William: I run marathons. I’ve run thirty-seven marathons and a couple of ultra distance events, and I think that the fact that I have four kids and run long distances isn’t entirely unrelated. I’m likely that I have a partner who tolerates that hobby, and the time it takes. It is my form of therapy..
Marie: I understand that you attended the Boston Marathon in 2013 when the bombs exploded.
William: I was indeed there. I have run the Boston Marathon 7 times, but that year I was injured and went to Boston to cheer on my buddies. So I was a spectator at Heartbreak Hill for most of that race, handing out beer and cheer to the runners as they crested that ’in’famous landmark at mile 21.5.
I was on the way to the finish line via the subway when the announcement came about the bombs at the finish line on Boylston Street. The subway stopped, everybody was told to get off, and I walked to the finish line, all the while being passed by police, army units, SWAT vehicles, and news choppers converging on the carnage by the Boston Public Library. People were in shock, crying and bewildered, and all I could think about were my friends who had been in the race. Where were they? Were they ok? I spent several anxious hours locating my friends and reporting back to family back in Winnipeg that all had been accounted for. To this day I am haunted by the fact that, that year, I had nearly brought my beloved son to wait for me at the finish line.
All of my friends were ok, but my best friend Kevin was 75 yards from the 2nd bomb. He was one of the people who rushed to pull down the barricades to get to the injured. He felt the blast, saw the blood, heard the screams.
That night my running group stayed at the hotel, hugged each other, and cried. We have never been the same since. The following morning, we left a different Boston; a National Guardsman, M16 pointed, made me slowly unpack my backpack before I boarded a nearly empty subway car going to the airport.

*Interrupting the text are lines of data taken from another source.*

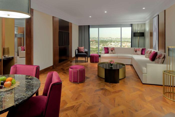 Thanks to its central location in Dubai, this 5-star business hotel is a perfect point of departure for discovering the area, ideal for for business travelers. The nearest shops are about 5 minutes by car away.
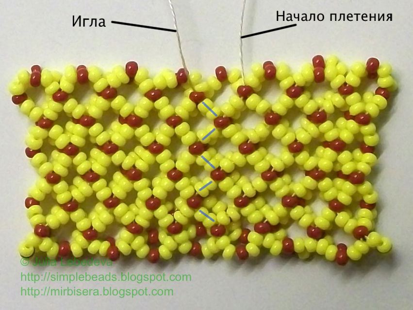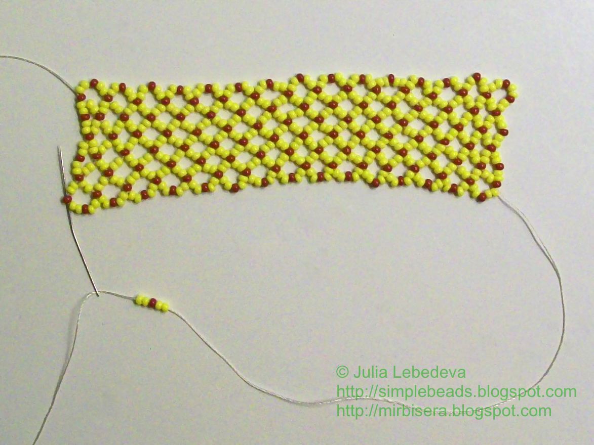 Схема плетения сетчатого полотна из бисера следующая:
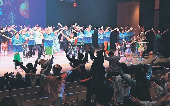 能登半島地震の復興チャリティーイベント「がんばろう氷見! クリスマス・ズンバ・パーティー」が21日、富山県の氷見市芸術文化館で開かれた。3歳から84歳までの約70人がクリスマスソングなどで楽しく踊り、来場者に元気を届けた。会場には募金箱を設置。集まった善意は市に寄付し、復旧復興に役立ててもらう。
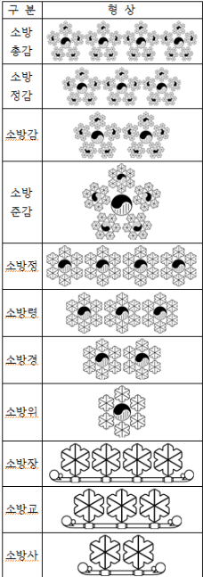 - 소방사시보 : 육각수 1개. 소방사가 되기 전 일정 기간의 실무연습 단계. 정규 공무원이 아니며, 교육훈련 성적에 따라 면직이 가능합니다.
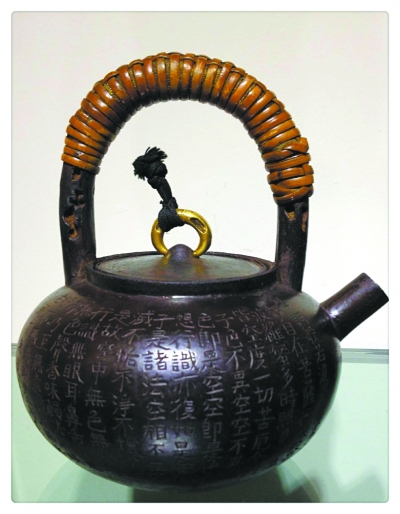 鐵壺的形狀最早就來(lái)源于中國(guó),而壺身的紋飾則更直接地體現(xiàn)了中國(guó)文化。梅林隨手拿起旁邊的一把壺,滔滔不絕:“這把‘大國(guó)壽郎造漢詩(shī)壺’,距今約有150多年,采用失蠟法鑄造,壺的一面是隸書(shū)《長(zhǎng)干行》,另一面是行草《春曉》,壺上的很多紋飾其實(shí)是借鑒了中國(guó)的青銅器……”
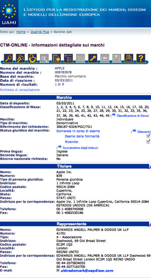 Apple ha registrato presso l’UAMI – Ufficio per la Registrazione dei Marchi, Disegni e Modelli dell’Unione Europea il proprio nome sotto ben 43 classi di prodotto. Insomma, tutte le categorie tranne la 13 e la 19 (armi da fuoco, munizioni, proiettili, esplosivi, fuochi d’artificio per la prima e materiali da costruzione non metallici, tubi rigidi non metallici per la costruzione, asfalto, pece, bitume, costruzioni trasportabili non metalliche, monumenti non metallici per la seconda).
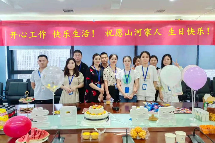 “開心工作,快樂(lè)生活!祝愿山河家人生日快樂(lè)!”生日會(huì)現(xiàn)場(chǎng),紅色的橫幅格外醒目,氣球、彩帶點(diǎn)綴其間,豐富的水果零食擺得滿滿當(dāng)當(dāng)。在歡快的音樂(lè)聲中,活動(dòng)正式開啟。
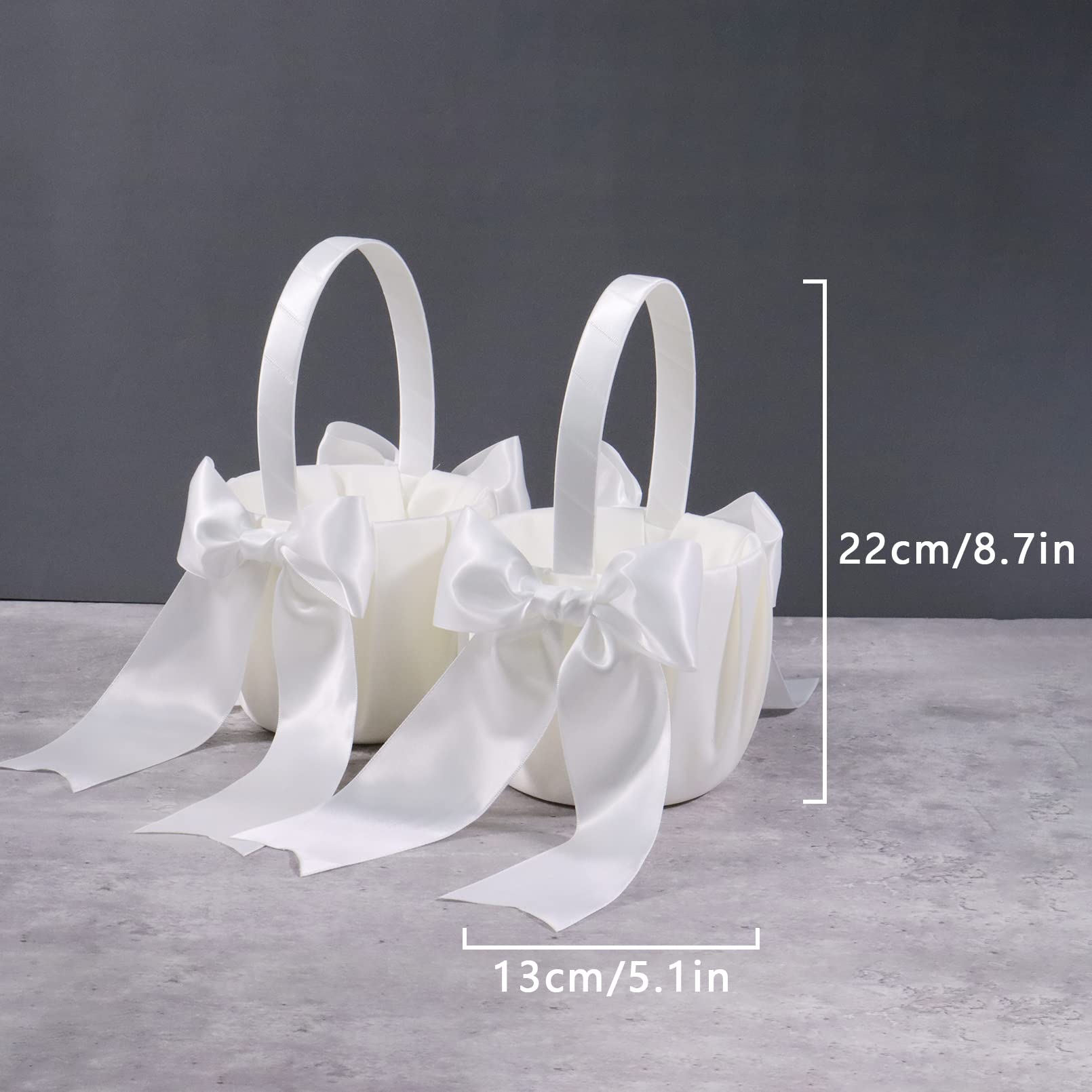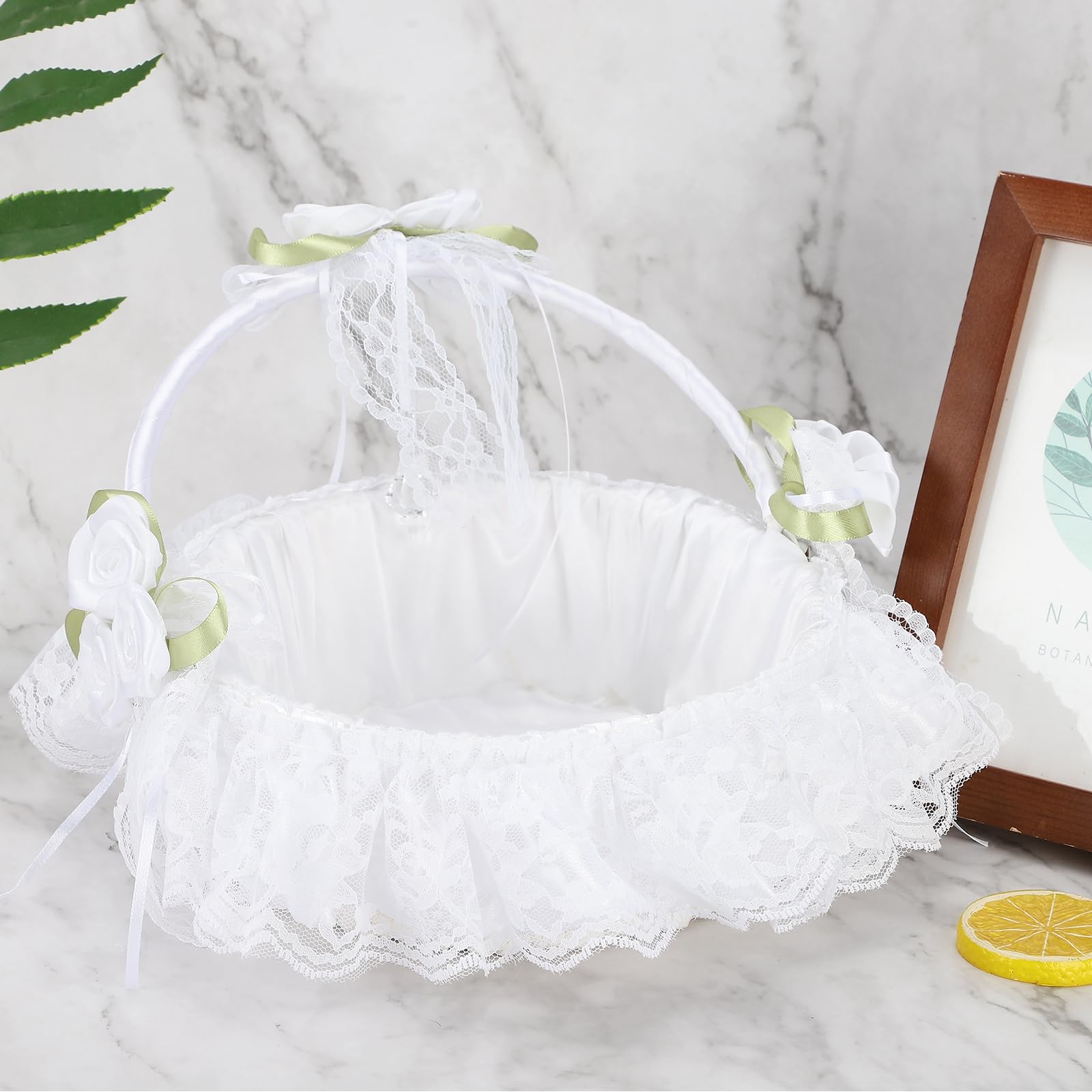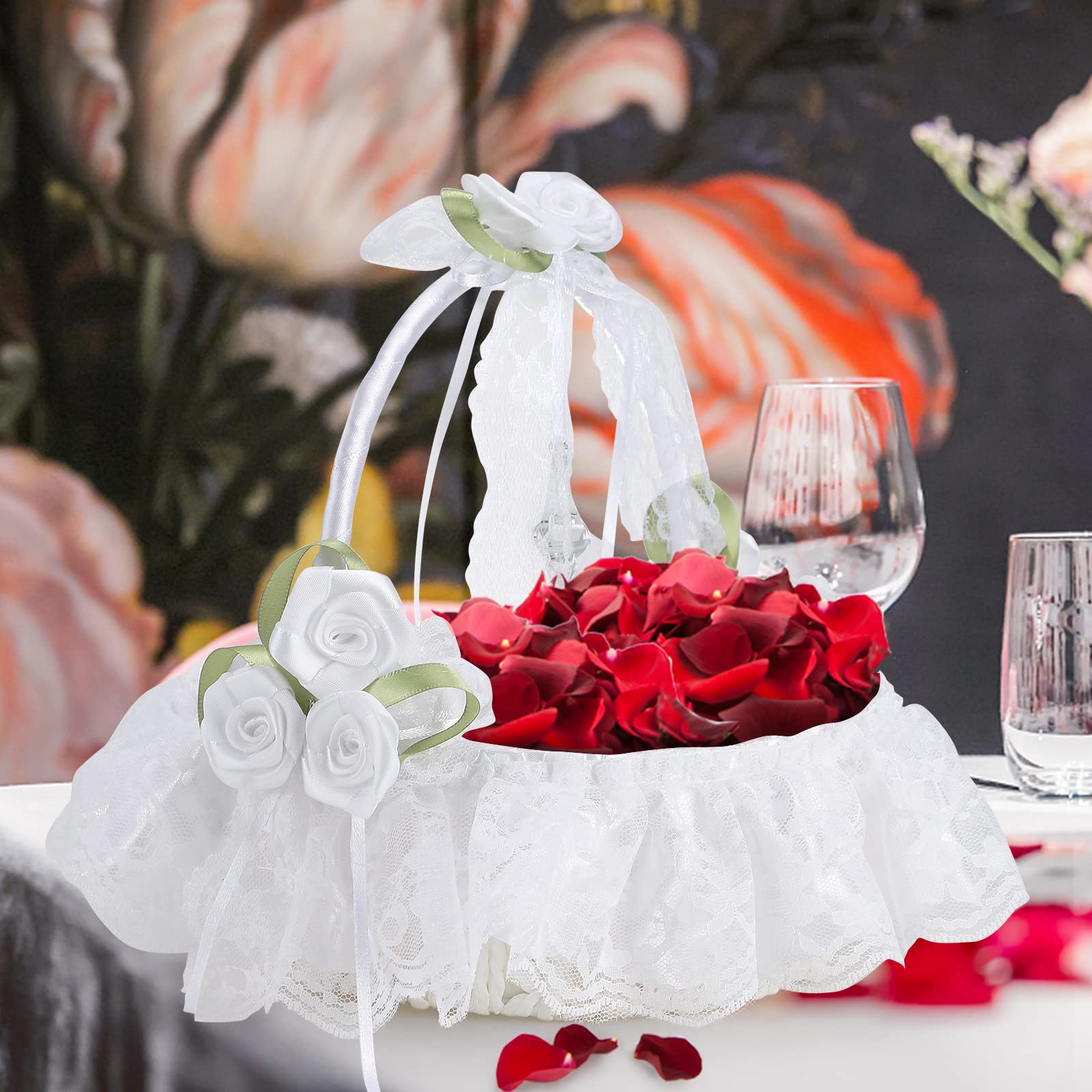 Weiße Blumenmädchen-Körbe Für Hochzeiten - Spitze & Satin Mit Strasssteinen
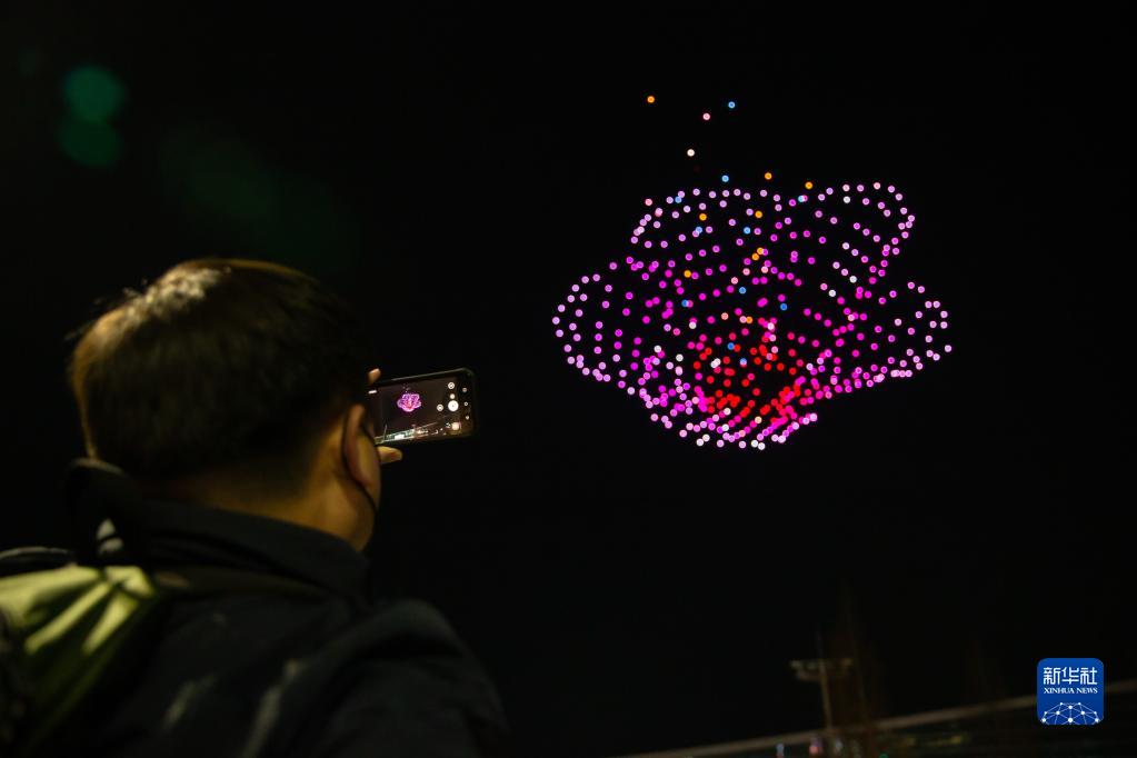 2月23日,参观者在韩国釜山用手机拍摄2023韩国无人机展上的无人机灯光表演。

A year later, in 2014, Kevin and I returned to run Boston again. We had to. Nobody was going to take that beautiful race away from us. Record numbers of runners arrived in Boston; every one of them was offered a hand-knit blue and gold scarf by the Parish Church parishioners, and each of us came to run with a purpose. Many wore t-shirts emblazoned with the picture of Martin Richards, the eight-year-old boy murdered by the bombers. And before the race, Kevin and I went to the sites of the blasts, choked with emotion. It had been a long, tormented year for him, and the moments of silence on Boylston seemed to be cathartic. The next day, Patriots Day 2014, we completed the Boston Marathon together, high-fiving every little kid we could see. The people of Boston, over a million strong, cheered us, hugged us, and thanked us for ’giving us our city back’. As I sprinted the last 100 yards to the finish line, I felt I had wings.